On discute du film trois ans après sa finition. Je me rends compte qu’à sa sortie, il y a eu quelque chose d’incompris chez plusieurs spectateurs. Souvent, les gens se questionnaient sur les motivations de raconter une histoire de crime organisé dans un village du centre du Québec. C’est important de comprendre que ce qui est montré dans le film, ce sont des choses qui se produisent pour de vrai. D’où l’intérêt de retourner dans mon village natal et essayer de faire face à cette réalité. Le projet, c’était d’essayer de réfléchir à une époque, à des choses qui sont arrivées dans mon village. Je suis parti de là quand j’avais 17 ans, mais c’était aussi une façon de voir ce qu’étaient devenus les amis qui étaient restés là-bas.
Les situations que tu décris dans Maudite Poutine peuvent être également vécues dans d’autres villages du Québec ou ailleurs dans le monde.
Totalement. Au festival de Venise, un journaliste italien m’a demandé pourquoi je parlais de crime organisé, affirmant que c’était un problème unique à l’Italie. Je suis parti à rire. Le crime organisé est présent dans toutes les régions du monde. Et justement, l’un des endroits où le film a probablement été le mieux reçu, c’est au Mexique. J’ai rencontré des jeunes qui sont venus voir le film parce qu’ils s’intéressaient aux choix musicaux, ou bien ils connaissaient mon travail que je faisais en collaboration avec différents musiciens (Godspeed You! Black Emperor, Franciso Lopez, etc.). Après le visionnement, ils ont eu un choc ! Un choc parce que le film montrait des situations qu’ils vivaient au quotidien. Leurs amis qui sont pognés dans des histoires du cartel ou de violence avec le crime organisé. Du moment où tu réalises que Maudite Poutine n’est pas du mauvais Tarantino ou un faux film de gangster, mais qu’il relate une réalité au Québec, le regard sur le film peut changer complètement.

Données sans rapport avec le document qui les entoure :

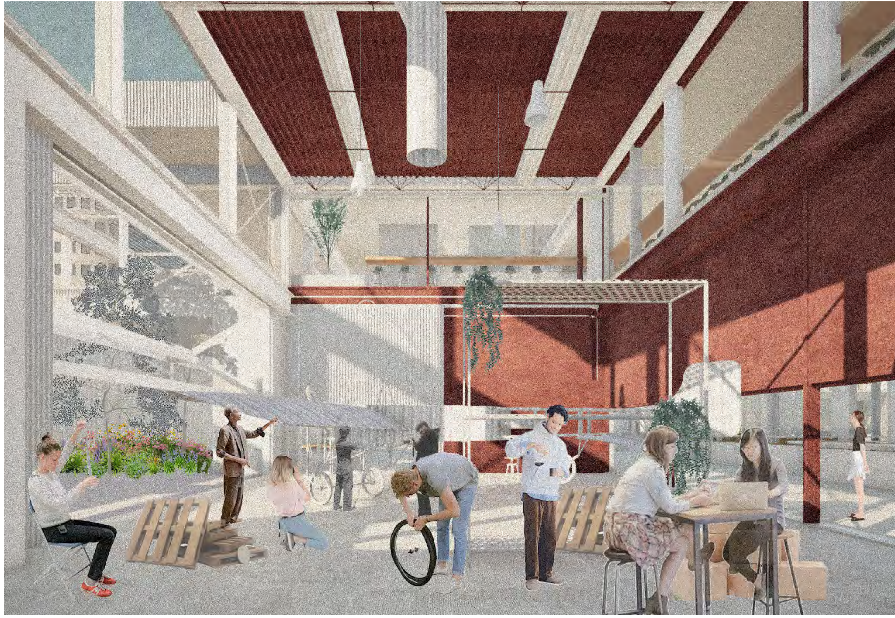
1 Espace d'assemblage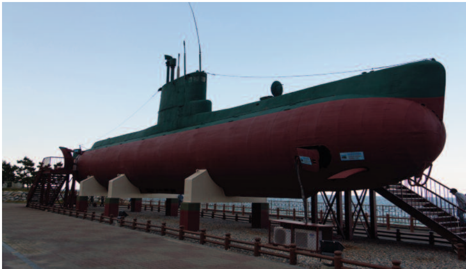
Submarino clase Sang-O capturado en Gangneung (13).

norteamericanos (14). La dificultad a la que se enfrenta el régimen norcoreano con el fuerte embargo que soporta obliga a pensar que estos proyectos de enorme dificultad quedarán solo en fase conceptual o embrionaria.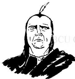
DL C. UJEICO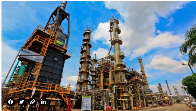
Refinería de Barrancabermeja en la actualidad.

Le recomendamos: La increíble y triste historia del libro robado de Gabriel García Márquez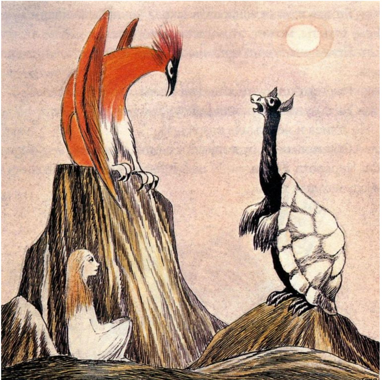
Tove Jansson (1959).

Segnaliamo infine una bella illustrazione di Tove Jansson, celeberrima creatrice dei Moomin , che nel 1959 la ritrae con un collo da giraffa, e un'inattesa incursione nel mondo dei supereroi, all'interno della serie antologica Astro City di Kurt Busiek, Brent Eric Anderson e Alex Ross, che nel 1999 ospita un pittoresco supercriminale chiamato appunto Mock Turtle.

Tu portes un regard sur la région qu’on associe souvent à la ville.
Quand on était plus jeune, on trouvait des façons de rendre notre vie intéressante. On faisait des fêtes, on s’intéressait à la culture, à la musique. Et les gens disent : « Oui, mais de la musique comme ça, des concerts comme ça, ça n’existe pas en région ». Ce n’est pas vrai ! Quand j’étais adolescent, il y avait plein de groupes de musique au village, beaucoup de projets noise d’ailleurs, s’inspirant de groupes tels que Sonic Youth. Le film fait référence à une partie de mon adolescence : des répétitions dans des sous-sols, des partys avec des amis où ça jammait pendant des heures, des petits concerts… ce n’est pas juste des phénomènes urbains… tout comme le crime organisé. Dans les villages, tu es confronté à cette violence directement, parce que tout le monde se connait tandis qu’en ville, on le sait que c’est présent, mais, on n’en est pas témoin.

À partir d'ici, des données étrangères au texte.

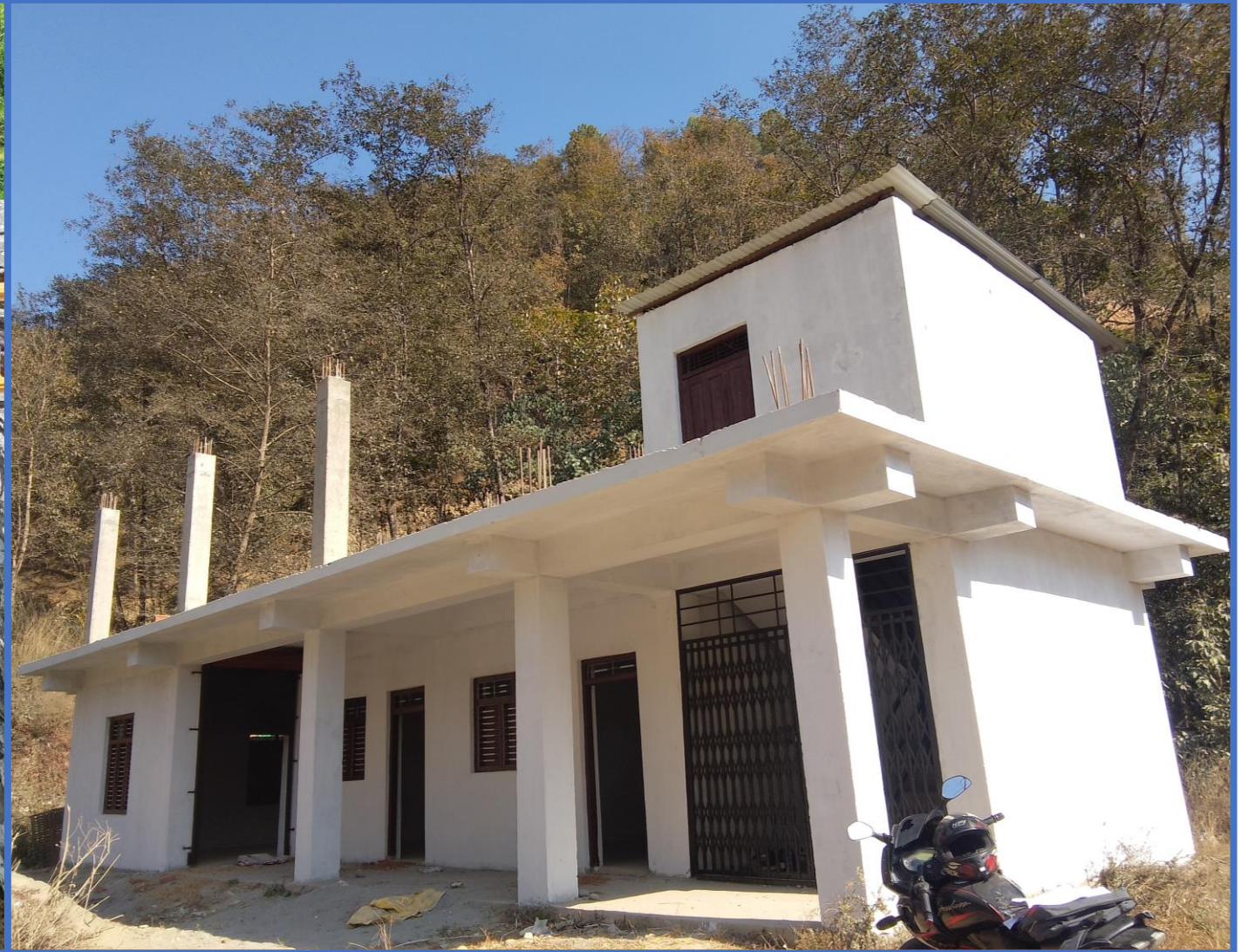
अक्षेते हाट बजार भवन

Comment en es-tu arrivé à travailler avec Marie-Douce St-Jacques pour coécrire le scénario ?
Cela faisait plusieurs années que j’essayais d’écrire mon scénario. On parle d’une période de trois ans plus ou moins. J’avais des notes, des scènes, une histoire en tête, mais c’était clair que j’avais besoin d’aide pour aménager tout ça. J’ai essayé de travailler avec un scénariste professionnel, super talentueux, mais, on allait dans une direction qui me plaisait moins, on n’avait pas la même sensibilité sur le sujet. Je pense que Marie-Douce est la personne à qui j’ai été capable de raconter mon histoire le plus en détail. C’est une amie qui comprenait mes références musicales, mon univers créatif ; elle-même joue dans des groupes de musique, elle possède une culture générale monumentale. Je savais qu’elle avait étudié la littérature et le cinéma, sans toutefois avoir d’expérience en scénarisation comme telle. Je lui ai donc proposé d’écrire le scénario avec moi. On a écrit pendant presque trois ans ensemble. On se faisait une rencontre par semaine, où on parlait, puis elle partait de son côté écrire le scénario, puis on se rencontrait à nouveau et ainsi de suite. C’est comme ça que le film s’est écrit.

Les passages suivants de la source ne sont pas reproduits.